The H.R. Doctor Is In
The "HRchitects"
We
grow and develop as individuals based upon structure in our
lives. Initially, the structure comes in utero from our
mothers. It comes from our parents in the initial few years of
our lives and gradually expands to take in other dimensions.
We start school. We develop friendships. We begin a career. We
end up with families of our own.
All
of these elements replace what would otherwise be chaos,
uncertainty and an inability to function. As individuals, we
would not survive. Our society would not survive.
Inside a bureaucracy, structure
is all around. You cant buy paperclips without following the
rules of the Purchasing Department. Certainly, if you work in
a Sheriffs Department or Fire-rescue department, there are
structures that govern day-to-day existence. Call them rules,
regulations, chain of command, policies - there are many
names, but they all refer to the same thing - the process
of substituting some form of productive and shared protocols
for randomness in order to produce something of value.

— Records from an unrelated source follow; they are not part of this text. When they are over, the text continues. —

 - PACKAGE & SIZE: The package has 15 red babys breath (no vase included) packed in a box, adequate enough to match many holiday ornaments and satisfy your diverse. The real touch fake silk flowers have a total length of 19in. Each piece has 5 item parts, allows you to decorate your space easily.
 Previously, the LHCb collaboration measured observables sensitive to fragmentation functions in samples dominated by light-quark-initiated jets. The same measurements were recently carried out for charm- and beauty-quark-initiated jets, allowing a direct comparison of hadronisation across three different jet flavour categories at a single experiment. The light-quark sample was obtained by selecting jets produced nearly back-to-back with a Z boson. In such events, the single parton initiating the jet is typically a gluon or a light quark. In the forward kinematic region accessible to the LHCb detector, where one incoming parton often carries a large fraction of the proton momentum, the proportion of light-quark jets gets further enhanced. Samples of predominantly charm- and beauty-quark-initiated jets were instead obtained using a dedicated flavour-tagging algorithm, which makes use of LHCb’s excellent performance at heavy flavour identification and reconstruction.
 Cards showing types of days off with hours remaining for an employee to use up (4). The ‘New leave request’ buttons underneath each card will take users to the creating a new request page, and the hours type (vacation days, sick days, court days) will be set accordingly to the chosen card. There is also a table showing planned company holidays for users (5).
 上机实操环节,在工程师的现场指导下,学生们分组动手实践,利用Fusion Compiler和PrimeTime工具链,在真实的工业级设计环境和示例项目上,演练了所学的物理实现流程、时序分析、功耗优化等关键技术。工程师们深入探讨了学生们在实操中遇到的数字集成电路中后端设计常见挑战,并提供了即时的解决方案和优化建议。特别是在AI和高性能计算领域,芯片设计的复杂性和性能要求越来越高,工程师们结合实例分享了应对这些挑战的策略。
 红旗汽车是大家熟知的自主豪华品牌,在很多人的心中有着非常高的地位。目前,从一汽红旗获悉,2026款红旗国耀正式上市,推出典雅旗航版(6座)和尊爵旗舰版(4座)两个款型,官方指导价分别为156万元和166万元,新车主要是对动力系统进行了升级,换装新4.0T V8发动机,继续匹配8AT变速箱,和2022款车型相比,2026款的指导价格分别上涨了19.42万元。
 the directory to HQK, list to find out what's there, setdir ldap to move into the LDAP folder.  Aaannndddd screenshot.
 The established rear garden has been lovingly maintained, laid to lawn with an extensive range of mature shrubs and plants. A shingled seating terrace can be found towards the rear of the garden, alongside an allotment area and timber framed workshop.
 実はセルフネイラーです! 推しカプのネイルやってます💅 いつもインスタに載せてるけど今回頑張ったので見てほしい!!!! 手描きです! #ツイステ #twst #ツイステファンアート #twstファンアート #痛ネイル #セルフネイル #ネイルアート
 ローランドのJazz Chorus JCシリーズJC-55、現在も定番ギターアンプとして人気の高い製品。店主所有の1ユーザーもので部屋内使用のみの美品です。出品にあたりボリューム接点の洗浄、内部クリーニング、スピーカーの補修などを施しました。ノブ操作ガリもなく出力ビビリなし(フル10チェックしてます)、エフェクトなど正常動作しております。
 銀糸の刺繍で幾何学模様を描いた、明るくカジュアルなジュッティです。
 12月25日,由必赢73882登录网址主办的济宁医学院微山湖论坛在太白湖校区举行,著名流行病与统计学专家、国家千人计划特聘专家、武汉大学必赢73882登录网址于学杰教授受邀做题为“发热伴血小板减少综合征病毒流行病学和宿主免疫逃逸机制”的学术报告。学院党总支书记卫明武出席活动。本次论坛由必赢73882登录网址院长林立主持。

Structure is, therefore, essential to our individual well
being and to the health of society.
On
the other hand, too much structure kills creativity and makes
exploring new or controversial subjects very difficult and
uncomfortable for an individual. Arguably, it is creativity
and innovation that have the greatest positive effect on an
organization and on an individual.
In
other words, there is a tension between adhering to structure
mindlessly at one end of the spectrum and creative disregard
for convention on the other end. Neither extreme is helpful,
nor is it healthy.
An
overly structured organization is not a happy place to spend a
career. Rules that disregard the reality of what is going on
in the real world will doom an organization to high turnover
and low productivity. The rules in a successful organization
must not only allow, but must encourage, innovation and the
willingness to experiment, even at the risk of some
failure.
One
of the absolutely great points about a life in Human Resources
is that HR is in a position - or should be - to be a
gatekeeper in this tension between innovation and structure.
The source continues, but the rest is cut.